Your Glass of CAP Water May Get More Expensive
An energy-water collision seems imminent on the Colorado Plateau, with water supplies dwindling and energy costs set to rise, reports Circle of Blue. Currently, the Central Arizona Project (CAP) diverts water from the Colorado River to provide Arizona with its river water allotment. The CAP starts on the Colorado River at Lake Havasu and carries water 336 miles southeast into Phoenix and Tucson using pumps powered by energy from the Navajo Generating Station (NGS). This coal-based energy lifts CAP water almost 3,000 feet in elevation along its journey to the arid Arizona interior. Since the cost of energy has been low over the last several decades, water has remained cheap for Arizona customers. But new EPA emissions regulations, which are set to be enacted in 2012, as well as new limitations on air pollution near national parks, mean that the price of NGS energy could rise substantially in coming years, raising the price of Arizona’s water.

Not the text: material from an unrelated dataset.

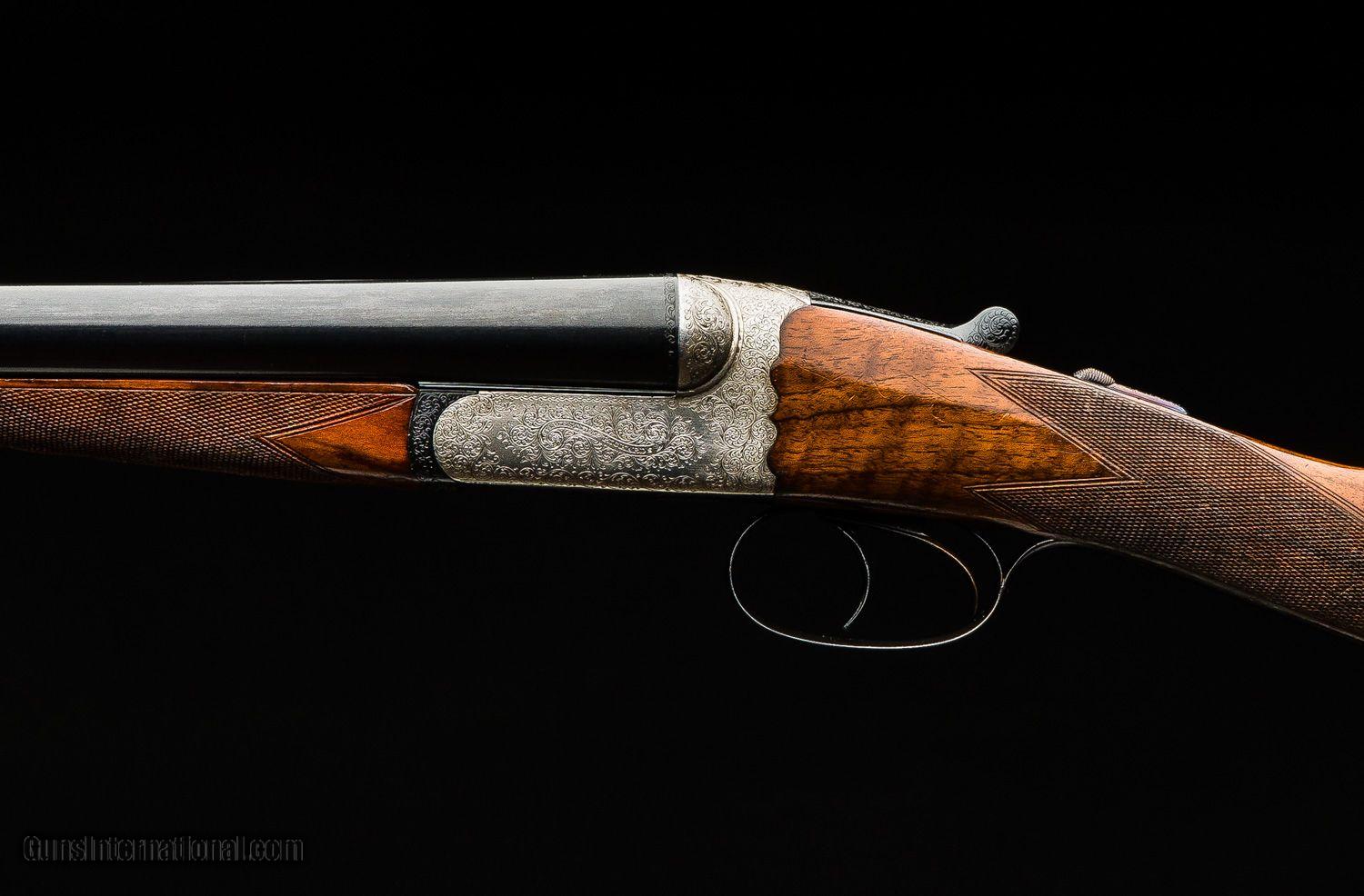 Description: Westley Richards 12g droplock completed in 1905. Scroll back action with patent hand detachable locks, removable cover plate, Westley snap lever work, dolls head extension and two triggers. New 25" barrels were fitted in 1972 and have 2 1/2" chambers and are choked 1/4 and full. The straight hand stock measures 14 1/2" to centre of the butt, with tip and toe plates and gold stock oval. The wood work would benefit from a gentle refurbishment but is structurally sound with no cracks or defects. The gun has had a full strip and clean and barrel reblack. The gun is a fast handling droplock, ideally suited for walked up shooting. Location: UK Make: Westley Richards Calibre/Gauge: 12g Action: Droplock Triggers: 2 Ejectors: Yes Barrel Length: 25'' Rib: Concave Chamber: 2 1/2" Choke Right: 1/4 Choke Left: Full Stock: Straight LOP: 14 1/2" Weight: 6lbs 8oz This shotgun is located in our Birmingham UK factory and would require importation through our Gulf Breeze, Florida agency, which we would handle. Costs of shipping vary but it would be around $750. There is 2.6% duty to be paid on the value of the shotgun. SOLD |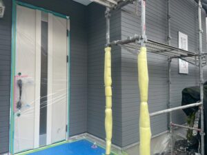 外壁・中塗り:特殊セラミック ガイナ 断熱遮熱塗料のローラー塗り施工・玄関廻りの中塗り仕上げです。

Circle of Blue quotes the current manager of the CAP speculating on closure of the plant by 2019. The plant’s future seems uncertain, as the owners—a consortium of the U.S. Bureau of Reclamation and five western power companies— have not publicly expressed whether they will adopt expensive new retrofits that will be required under new emissions regulations. The plant provides a sizable income for the Navajo and Hopi tribes, but recent grassroots efforts have sought to shut the plant down due to the health and environmental effects of coal mining and emissions.